Will to Power, from Wikipedia

"Physiologists should think before putting down the instinct of self-preservation as the cardinal instinct of an organic being. A living thing seeks above all to discharge its strength — life itself is will to power; self-preservation is only one of the indirect and most frequent results."
- Walter Kaufmann

Furthermore, the will to power is something like the desire to exert one's will in self-overcoming, although this "willing" may be unconscious, for all things "desire to grow". Indeed, it is unconscious in all non-human beings; it was the frustration of this will that initially caused man to become conscious. The philosopher and art critic Arthur Danto says that "aggression" is at least sometimes an approximate synonym.[citation needed] However, Nietzsche's ideas of aggression are almost always meant as aggression toward oneself, as the energy a person motivates toward self-mastery. In any case, since the will to power is fundamental, any other drives are to be reduced to it; the "will to survive" (i.e. the survival instinct) that biologists (at least in Nietzsche's day) thought to be fundamental, for example, was in this light a manifestation of the will to power

"My idea is that every specific body strives to become master over all space and to extend its force (—its will to power) and to thrust back all that resists its extension. But it continually encounters similar efforts on the part of other bodies and ends by coming to an arrangement ("union") with those of them that are sufficiently related to it: thus they then conspire together for power. And the process goes on." -Walter Kaufmann

Thus, rather than a conscious intention to 'dominate over others,' the "will to power" is better understood as the tenuous equilibrium in a system of forces' relations to each other. While a rock, for instance, does not have a conscious (or unconsious) "will," it nevertheless acts as a site of resistance within the "will to power" dynamic. Moreover, rather than 'dominating over others' (a misinterpretation by Deleuze et al.), "will to power" is more accurately postioned in relation to the subject (a mere synecdoche, both fictitous and necessary, for there is "no doer behind the deed," [see On the Genealogy of Morals] and is an idea behind the statement words are "seductions") within the process of self-mastery and self-overcoming. The "will to power" is thus a "cosmic" inner force acting in and through both animate and inanimate objects, but it may also take on many forms that could perhaps involve such mastery but in a "life-denying" modality.
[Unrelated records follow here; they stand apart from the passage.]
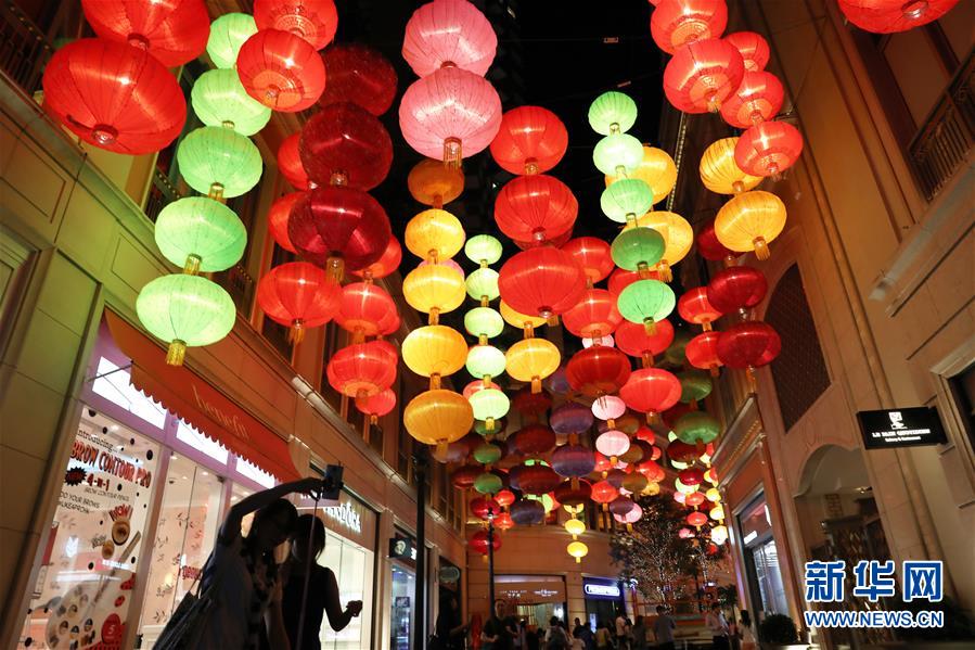 9月21日,彩色燈籠裝扮香港利東街夜景。中秋節(jié)臨近,香港喜慶氣氛日濃。新華社記者吳曉初攝
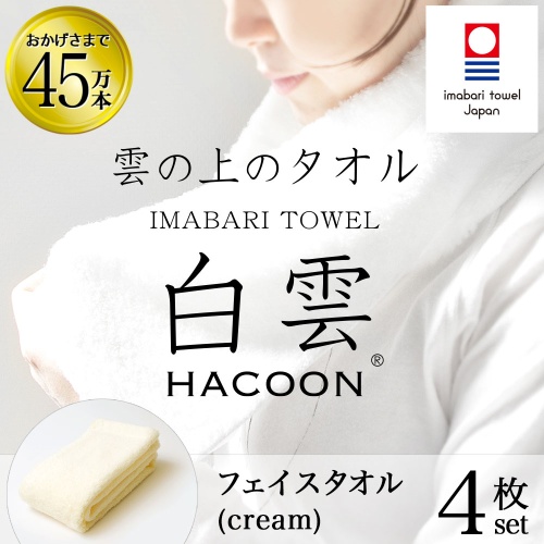 今治タオル 雲の上の肌触り 白雲 フェイス タオル ( クリーム フェイスタオル 4枚入り 箱入れ ギフト ) 2021.08.13 2021.10.06 6,000~6,999ptキッチン・バス・トイレ・掃除・洗濯用品グリーン住宅ポイント交換商品一覧タオルバス用品家事負担軽減株式会社ファイブ 商品コード:E9059-0175 6,500pt
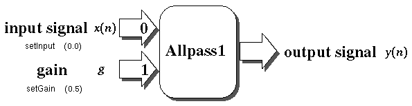 Notice that the input arrows are numbered. This represents the input slot to the Filter class that is being used to connect the signal stream. The input audio signal is entering at slot 0, and the gain parameter for the Allpass1 filter is exptected to come in at slot 1. There are function names in small print underneath the name of each input. The functions describe the default values which will be used if no signal stream is connected at that particular slot. For example in this case, slot 0 will be read as 0.0 if there is no signal connected at slot 0, and likewise, slot 1 will be read as 0.5. Any connections to slots 2 and higher will be ignored by the Allpass1 filter.
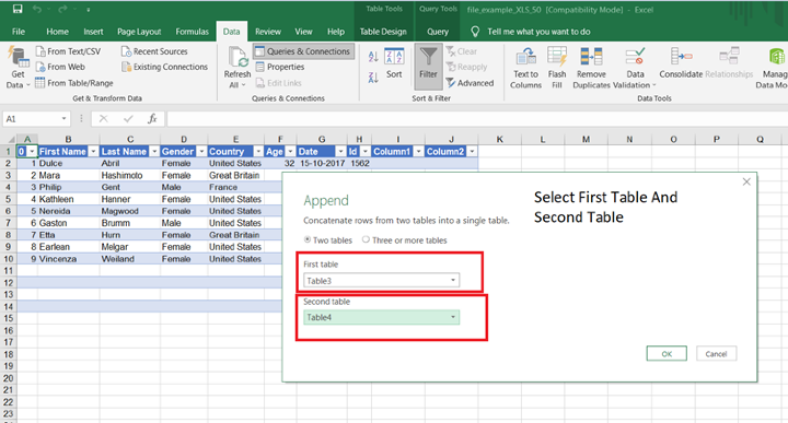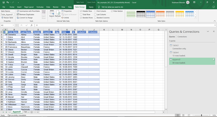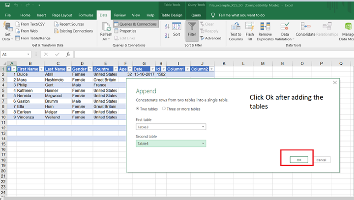 步骤12——添加所有要导入的表格后,单击“确定”。然后,Power Query将从所有选定的工作表导入数据,并将其组合到目标工作表中的一个表格中。
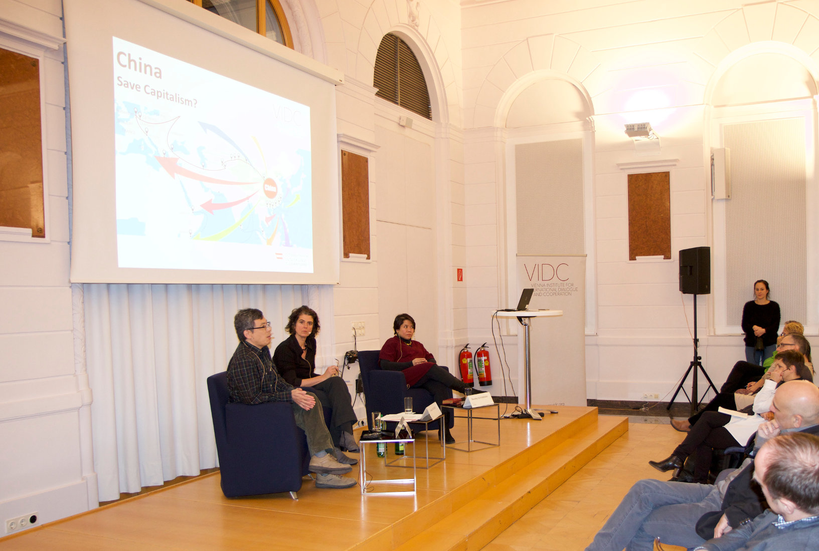 Aus diesem Grund fand im Reitersaal der Österreichischen Kontrollbank am 25. Jänner 2018 eine Podiumsdiskussion mit dem Titel „China – den Kapitalismus retten?“ statt. Als Redner waren Minqi Li, Professor am Institut für Wirtschaftswissenschaften an der Universität von Utah, und Dorothy Guerrero von der NGO „Global Justice Now“ mit Sitz in London eingeladen.
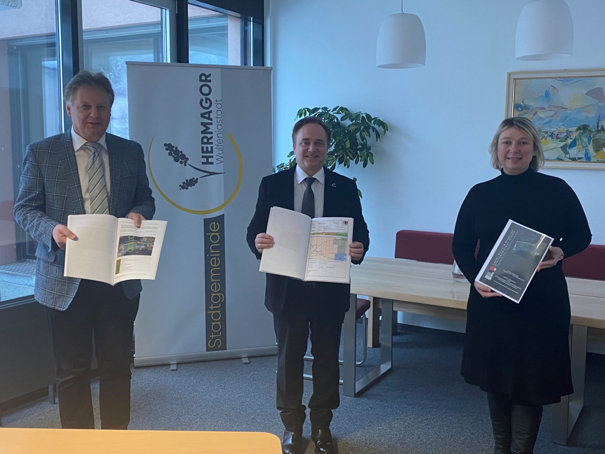 Mit dem Bau des Werkes soll schon bald begonnen werden: Die Holzwerke Gebrüder Schneider GmbH hat eine Absichtserklärung unterfertigt. „Hermagor hat sich gegen mehrere andere Standort-Konkurrenten durchgesetzt“, zeigt sich Wirtschafsreferentin und Stadträtin Christina Ball erfreut. „Das Gailtal bietet dem Unternehmen optimale Voraussetzungen: Die Versorgung mit Rohstoffen für die Produktion ist durch die ansässige Wald-, Forst- und Holzwirtschaft in Hermagor sichergestellt“. Ausschlaggebend war auch die Nähe zu südlichen und östlichen Staaten Europas sowie die Bahn-Anbindung. Das deutsche Unternehmen Holzwerke Gebrüder Schneider GmbH mit Stammsitz in Eberhardzell (Baden-Württemberg) will rund 45 Mio. Euro in den Standort Hermagor investieren. „Wir planen den Betrieb in der Startphase mit 40 Mitarbeitern zu führen, später soll auf 60 Leute aufgestockt werden“, berichtet Geschäftsführerin Carmen Schneider. „Mit Hermagor haben wir den optimalen Standort gefunden. Die Zusammenarbeit mit bereits ansässigen Unternehmen der Branche war für uns eines der entscheidenden Kriterien.“
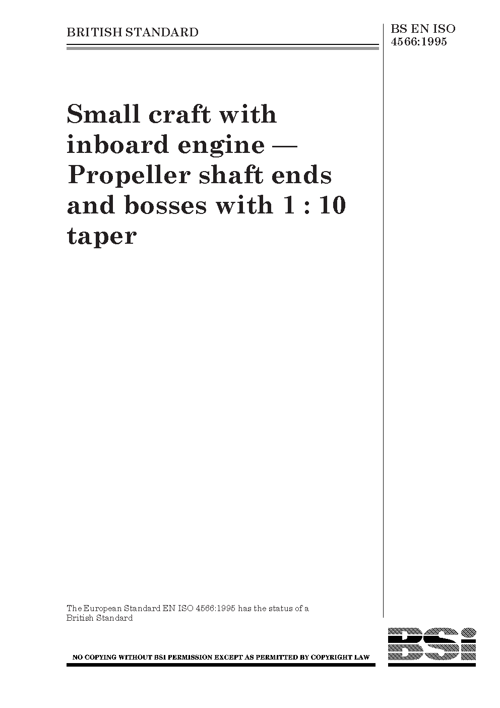 Small craft with inboard engine. Propeller shaft ends and bosses with 1:10 taper
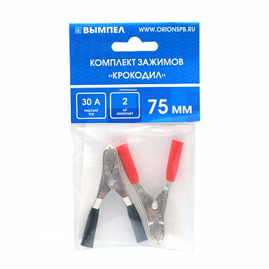 Зажим "крокодил" 75 мм (красный и чёрный)
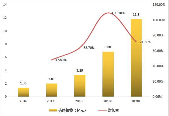 根據(jù)艾媒咨詢數(shù)據(jù)顯示,2016年中國(guó)智能音箱銷售規(guī)模為1.36億元,預(yù)計(jì)2017年將突破兩億,達(dá)到2.01億,增長(zhǎng)率為47.8%;預(yù)計(jì)到2020年,智能音箱銷售規(guī)模將超過10億元。目前雖眾多廠商已推出智能音箱產(chǎn)品,但市場(chǎng)總體銷售規(guī)模仍處于較低水平,隨著產(chǎn)品進(jìn)一步優(yōu)化升級(jí)及智能家居的推廣,中國(guó)智能音箱消費(fèi)市場(chǎng)潛力將得到釋放,行業(yè)有望迎來爆發(fā)式增長(zhǎng)。
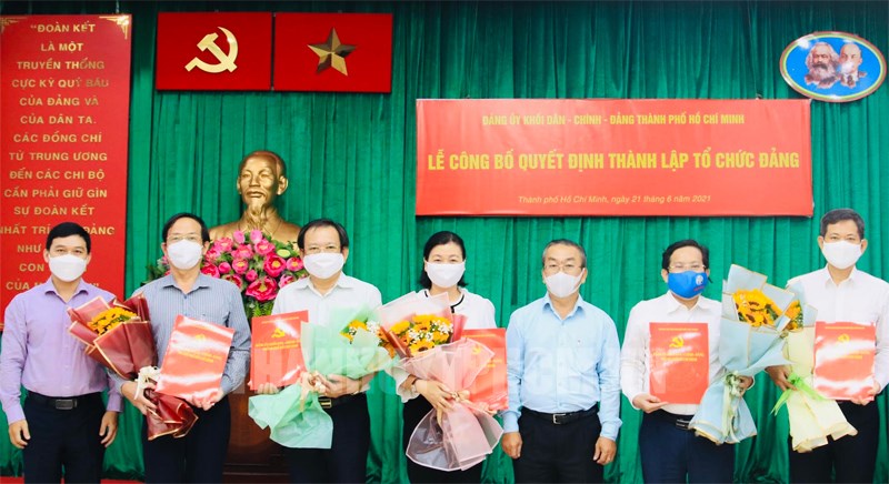 Tại buổi lễ, Trưởng Ban Tổ chức Đảng ủy Khối Dân - Chính - Đảng TPHCM Lê Kim Tuyền đã công bố Quyết định thành lập Đảng bộ, chi bộ cơ sở cơ quan báo chí trực thuộc Khối. Theo đó, thành lập Đảng bộ Báo Người Lao Động, Chi bộ Báo Pháp Luật TP, Chi bộ Báo Phụ Nữ TP, Chi bộ Tạp chí Doanh nhân Sài Gòn, Chi bộ Tạp chí Kinh tế Sài Gòn.
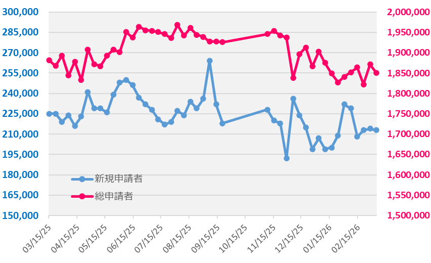 2/29~3/7の新規申請者数:約21.3万人 (前回:21.4万人)
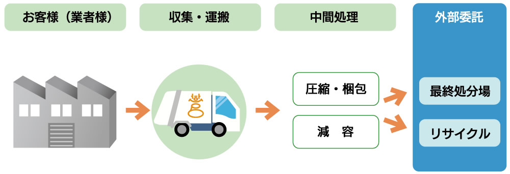 自社での中間処理、又は、各処理場へ運搬を行い、適切に処理致します。
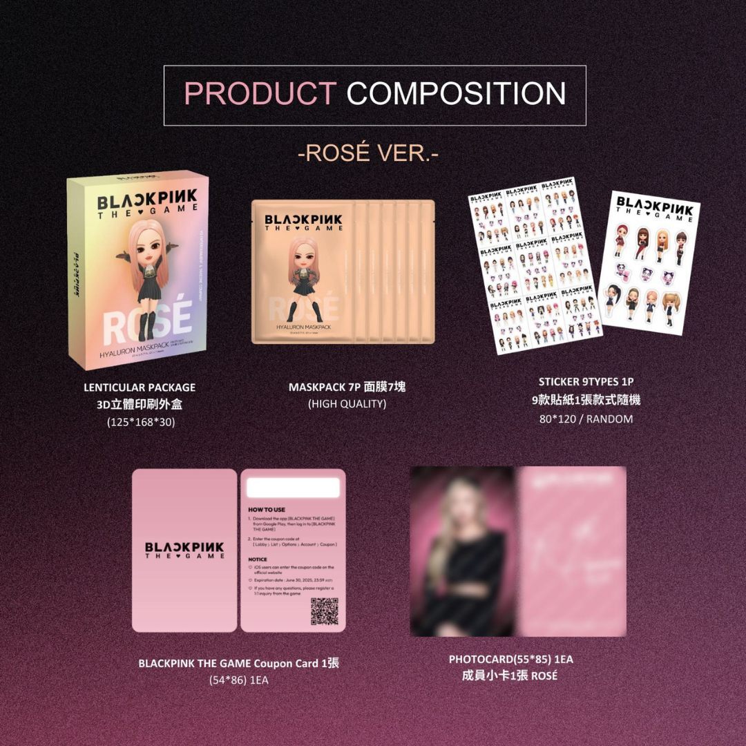 Each box contains MASKPACK 7P, ROSE PHOTOCARD 1P, STICKER 9TYPES 1P(RANDOM), and BLACKPINK THE GAME COUPON CARD 1P(Worth KRW$10,000)
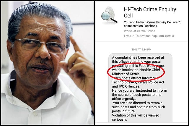 In a Facebook post on Friday, Outspoken published a screenshot of a message they received from the Hi-Tech cell, warning them against posting memes insulting the Kerala Chief Minister Pinarayi Vijayan.
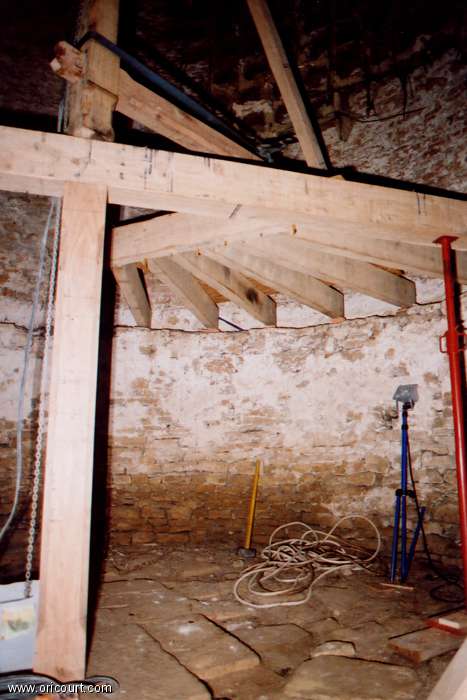 À l’intérieur, la charpente à double enrayure restaurée en 1984 et les nids en torchis. L’échelle tournante a été reconstruite au printemps 2007.
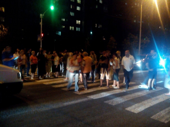 Около полусотни человек ходят по пешеходному переходу и не пропускают авто и общественный транспорт. Требуют остановить строительство на кольце Героев Днепра.
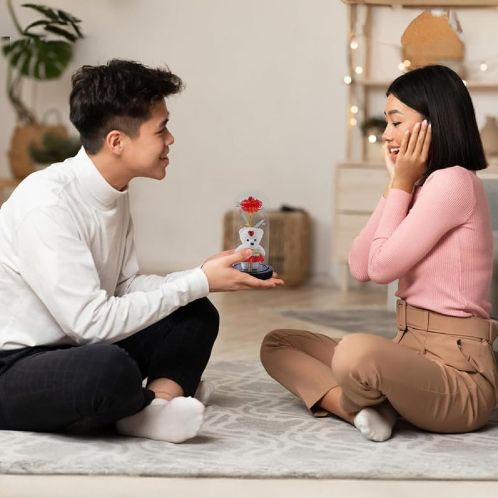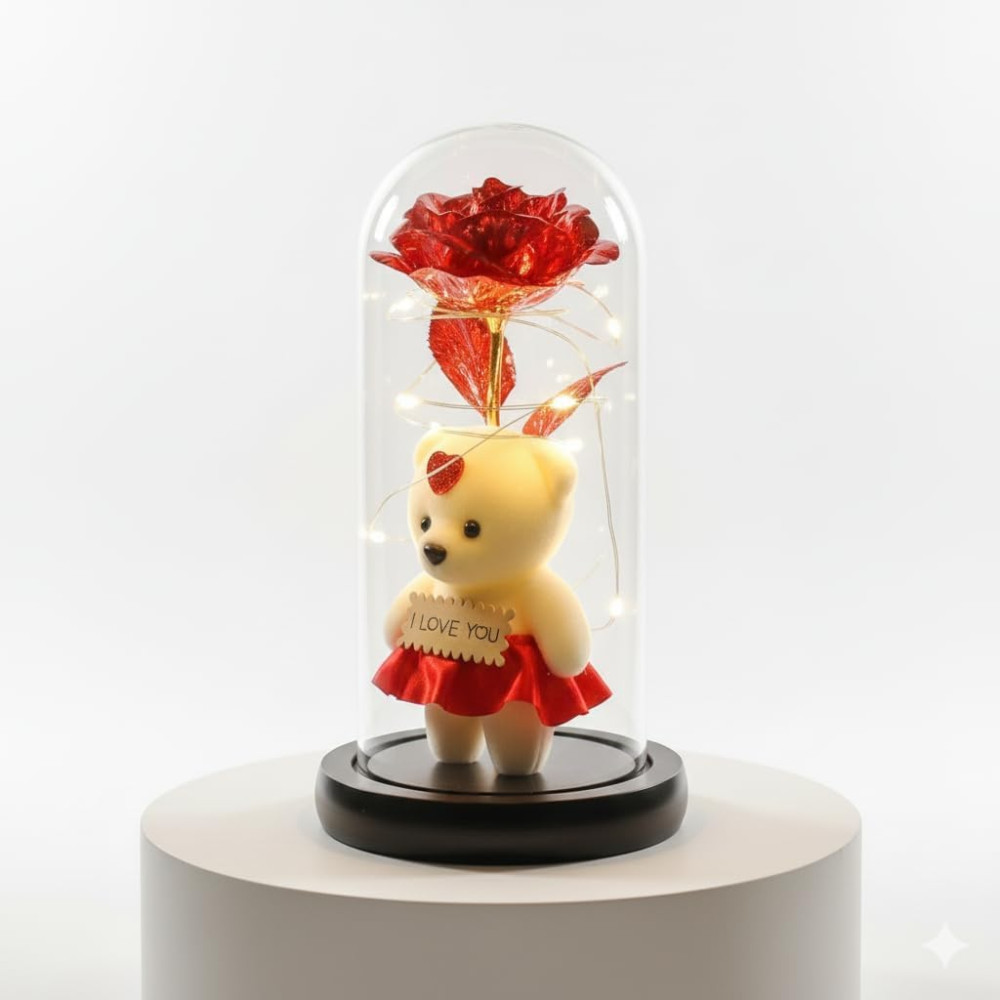 Роза в стеклянной колбе Rose of Love с LED-подсветкой и плюшевым мишкой ∙ Декоративная хрустальная роза с мишкой и сердцем I Love You
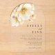 Élégantes invitations rustiques modernes en acrylique présentant des fleurs et des florales aquarelles blanches jaunes dorées, classiques et script.
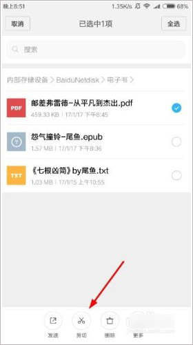 1、我们点击选择手机本地文件夹中的一个电子书文件,如图所示然后点击剪切或者复制;
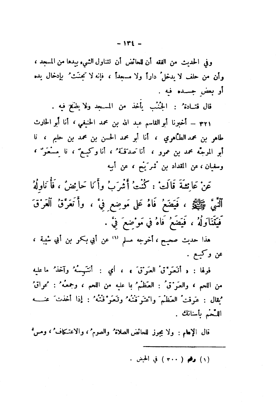 321 - أَخْبَرَنَا أَبُو الْقَاسِمِ عَبْدُ اللَّهِ بْنُ مُحَمَّدٍ الْحَنِيفِيُّ، أَنا أَبُو الْحَارِثِ طَاهِرُ بْنُ مُحَمَّدٍ الطَّاهِرِيُّ، أَنا أَبُو مُحَمَّدٍ الْحَسَنُ بْنُ مُحَمَّدِ بْنِ حَلِيمٍ، نَا أَبُو الْمُوَجِّهِ مُحَمَّدُ بْنُ عَمْرٍو، أَنا صَدَقَةُ، أَنا وَكِيعٌ، نَا مِسْعَرٌ، وَسُفْيَانُ، عَنِ الْمِقْدَادِ بْنِ شُرَيْحٍ، عَنْ أَبِيهِ، عَنْ عَائِشَةَ، قَالَتْ: «كُنْتُ أَشْرَبُ وَأَنَا حَائِضٌ، فَأُنَاوِلُهُ النَّبِيَّ صَلَّى اللهُ عَلَيْهِ وَسَلَّمَ، فَيَضَعُ فَاهُ عَلَى مَوْضِعِ فِيَّ، وَأَتَعَرَّقُ الْعرق فَيَتَنَاوَلُهُ، فَيَضَعُ فَاهُ فِي مَوْضِعِ فِيَّ».
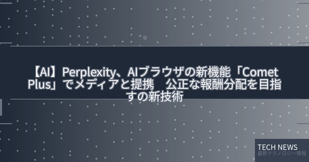 記事タイトル:Perplexity、AIブラウザの新機能「Comet Plus」でメディアと提携 公正な報酬分配を目指す

Not just instincts but also higher level behaviors (even in humans) were to be reduced to the will to power. In fact, Nietzsche considered consciousness itself to be a form of instinct. This includes both such apparently harmful acts as physical violence, lying, and domination, on one hand, and such apparently non-harmful acts as gift-giving, love, and praise on the other – though its manifestations can be altered significantly, such as through art and aesthetic experience. In Beyond Good and Evil, he claims that philosophers' "will to truth" (i.e., their apparent desire to dispassionately seek objective, absolute truth) is actually nothing more than a manifestation of their will to power; this will can be life-affirming or a manifestation of nihilism, but it is the will to power all the same

"[Anything which] is a living and not a dying body... will have to be an incarnate will to power, it will strive to grow, spread, seize, become predominant — not from any morality or immorality but because it is living and because life simply is will to power... 'Exploitation'... belongs to the essence of what lives, as a basic organic function; it is a consequence of the will to power, which is after all the will to life" - Walter Kaufman

As indicated above, the will to power is meant to explain more than just the behavior of an individual person or animal. It is not psychological, nor intentional or subjective. The will to power lends itself more to the view, though it be homogeneous in expression, its transformations are heterogeneous, based on the altering organizations of "quanta of power".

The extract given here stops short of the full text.